My Grandma Rose was a singularly interesting person. There
are many things to say about her; what a survivor she was; how smart, savvy,
and class conscious she was; she was great story teller. She was amazingly
beautiful. No wonder she swept my grandfather off his feet.
This week I have been thinking about her and the territory
she defended. She arrived in the US in the 1930s with nothing more than the clothes
on her back and the skills of her sewing needle. Within twenty years she built
two homes for her family, one in South Bend, Indiana and the other at Diamond
Lake near Cassopolis, Michigan. I spent lots of time in both these homes, but
the latter was my favorite since it was on the lake. I was too young to
appreciate the view, but I did appreciate the water, pier, and getting to run
around in a swim suit all the time.
Access to water frontage was at a premium, and even those
who didn’t own lake access were supposed to have some shared path to the lake.
Many of the homes were huge homes that the owners wanted to keep private.

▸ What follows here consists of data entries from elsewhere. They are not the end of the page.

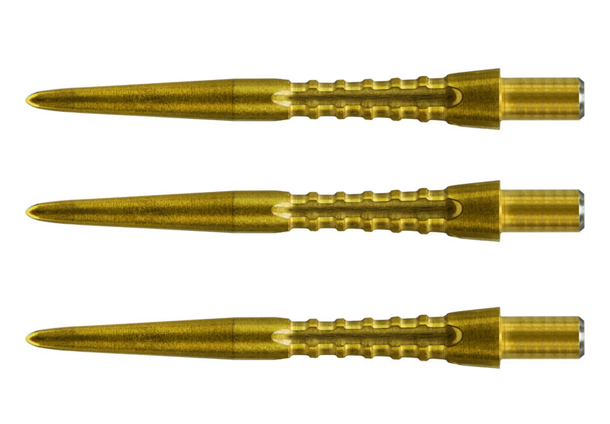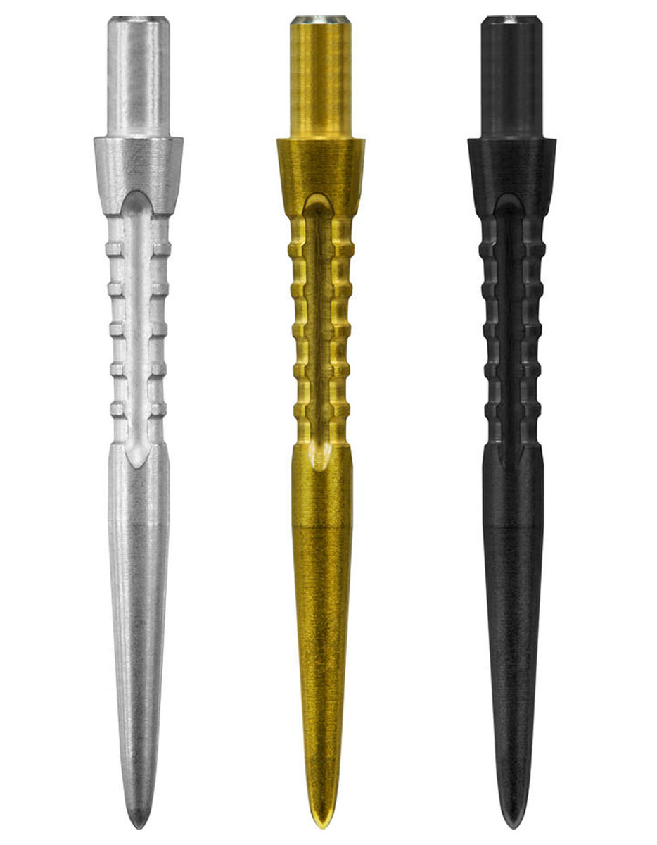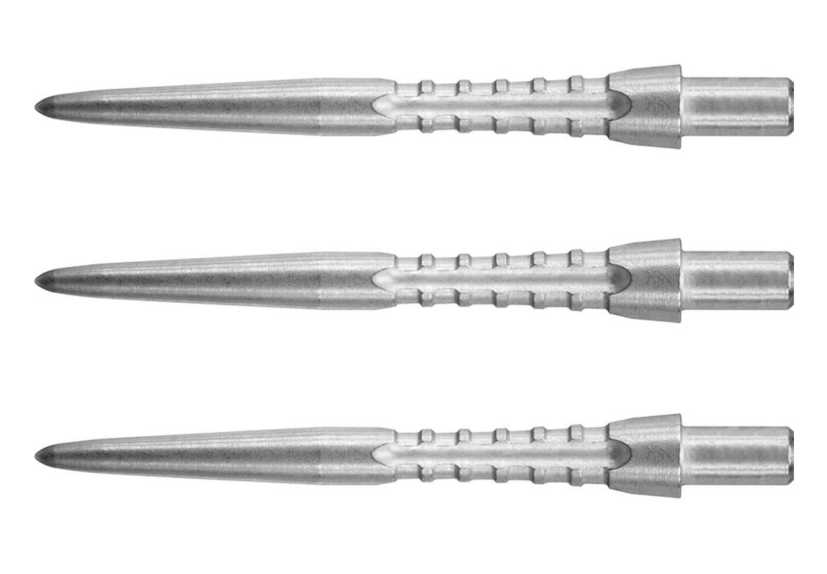 Das sind die Spitzen, die viele Target Profidarter nutzen. Die Spitzen sind mit einer Grip-Zone und einer Längsrille ausgestattet und mit einer Titanium-Nitrit-Beschichtung versehen.Nur in 26mm.
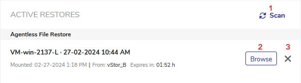 - If you cannot see your Agentless File Restore mounting point, click Scan to refresh the view (item 1 below).
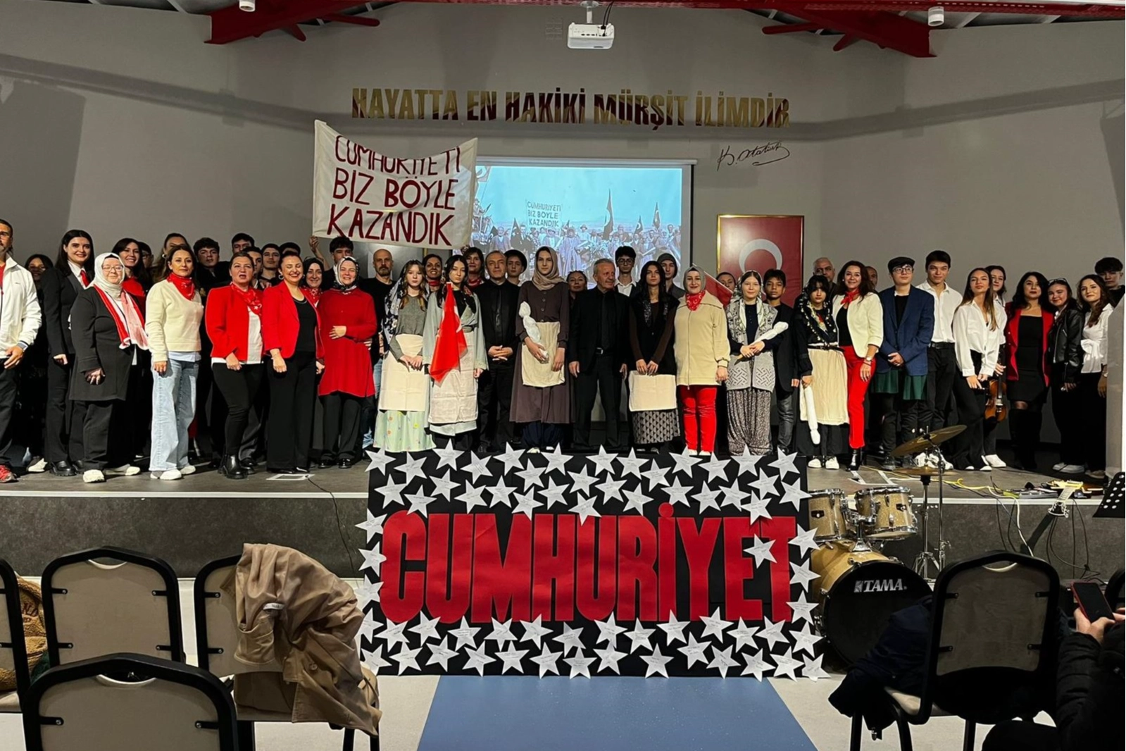 Cumhuriyet Bayramı coşkusunun doyasıya yaşandığı program, öğrencilerin hazırladığı sahne gösterileri ve müzik dinletisiyle sona erdi. Katılımcılar, gençlerin Cumhuriyet sevgisini sahne performanslarıyla bir kez daha hissetti.

My
grandma’s neighbor, who I think was called Mr. Hazard, had a cement stairs
right next to Grandma’s property. I’m
not sure who she disliked more Hazard or his stairs.

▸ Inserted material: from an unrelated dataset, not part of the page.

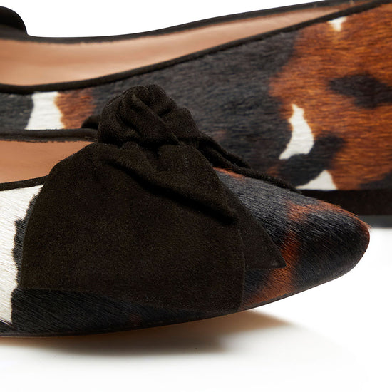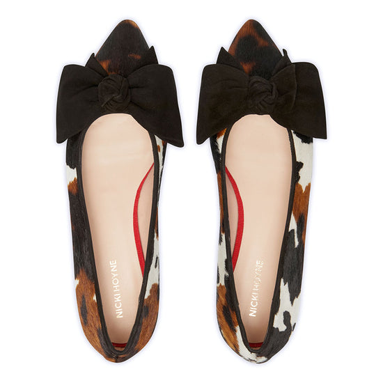 Playful print meets timeless design in the Bow Flat in Cow Print Hair with Black Suede Bow from Nicki Hoyne. Handcrafted in Spain, this pointed toe flat features an updated cow print from the AW24 trainer collection, crafted in luxurious pony hair leather. A soft black suede bow adds contrast and elegance, giving the shoe a chic, fashion forward edge.
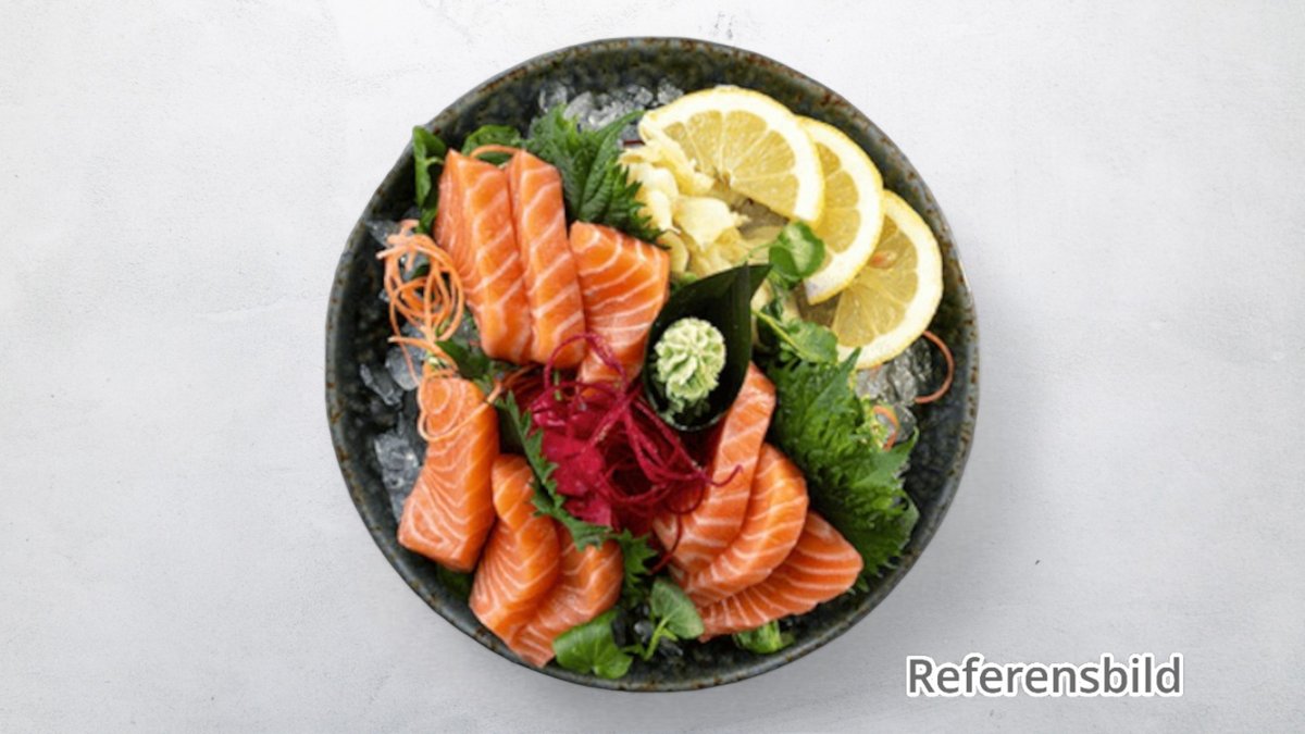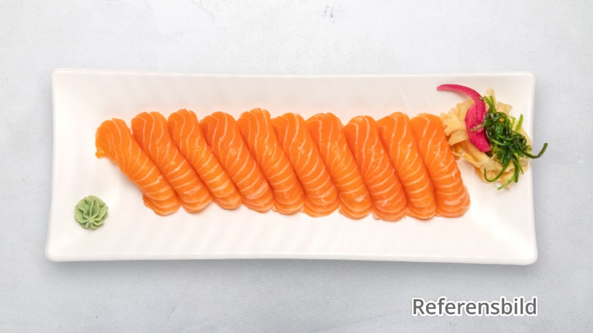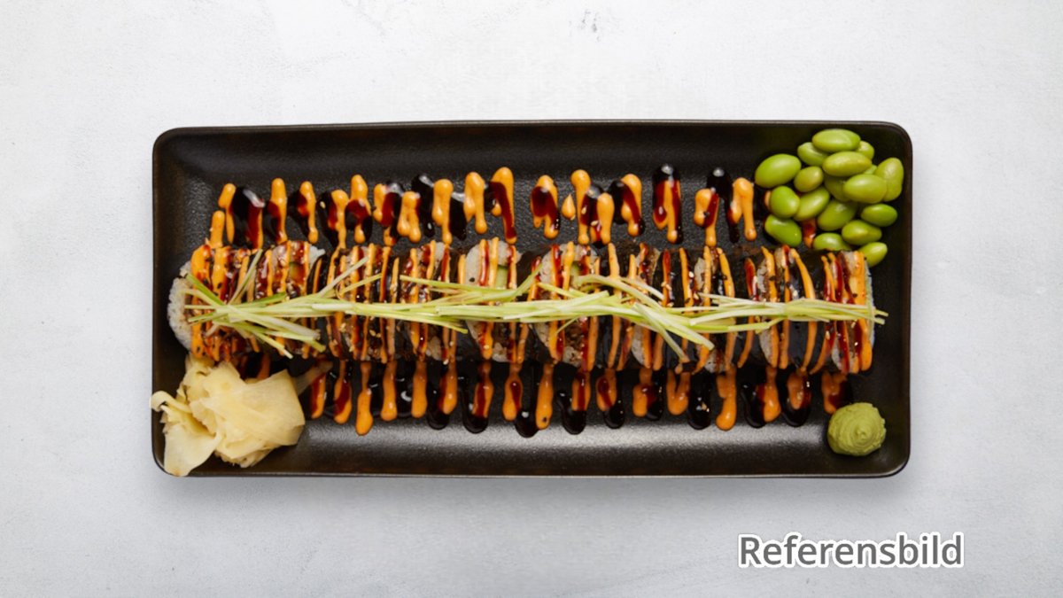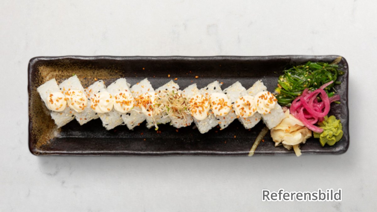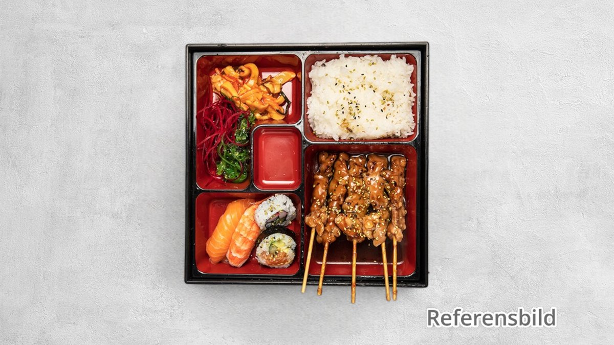 2 bitar sushi, 3 bitar rullar, ris, sallad, nötkött, 2st yakitori spett, teriyakisås och sesamfrön.

Grandma also liked her champagne. She liked it pink, near
freezing, and with strawberries. As a college student I helped her drive from
Arizona to Michigan one summer. When I arrived, she greeted me with a bottle of
champagne and a bowl of strawberries and said that she had our evening
activities covered. That’s when I knew I had finally come of age and joined her
as an adult.
On one particular visit back to Diamond Lake, Grandma told
us that she had been saving up champagne bottles to launch a new campaign, one
where she would toss a bottle a night over the fence so that it would break and
cause trouble for her neighbors. I’m
sure we laughed with her at the time, but now as I look back I am amazed at how
feisty she really was. Her territory was hers, and no one was going to take
that away.
As I reflect on the meeting I will attend tonight to learn
more about the cities plans to turn my properties canal easement into a public
trail, I wonder what my Grandmother would advise. I’m certainly not opposed to
trails, but find myself saying “not in my back yard.” Until the city can
competently answer the questions of safety, liability, privacy, and
maintenance, I’m not likely to support a movement to put the path in,
especially since the proposed path will be paved. My Grandmother was a
Hungarian of Jewish descent, but with her pistol-packing, vandalistic tendencies,
I think she would have fit right in here in the west. She would have defended
her property and her rights in whatever way she saw fit.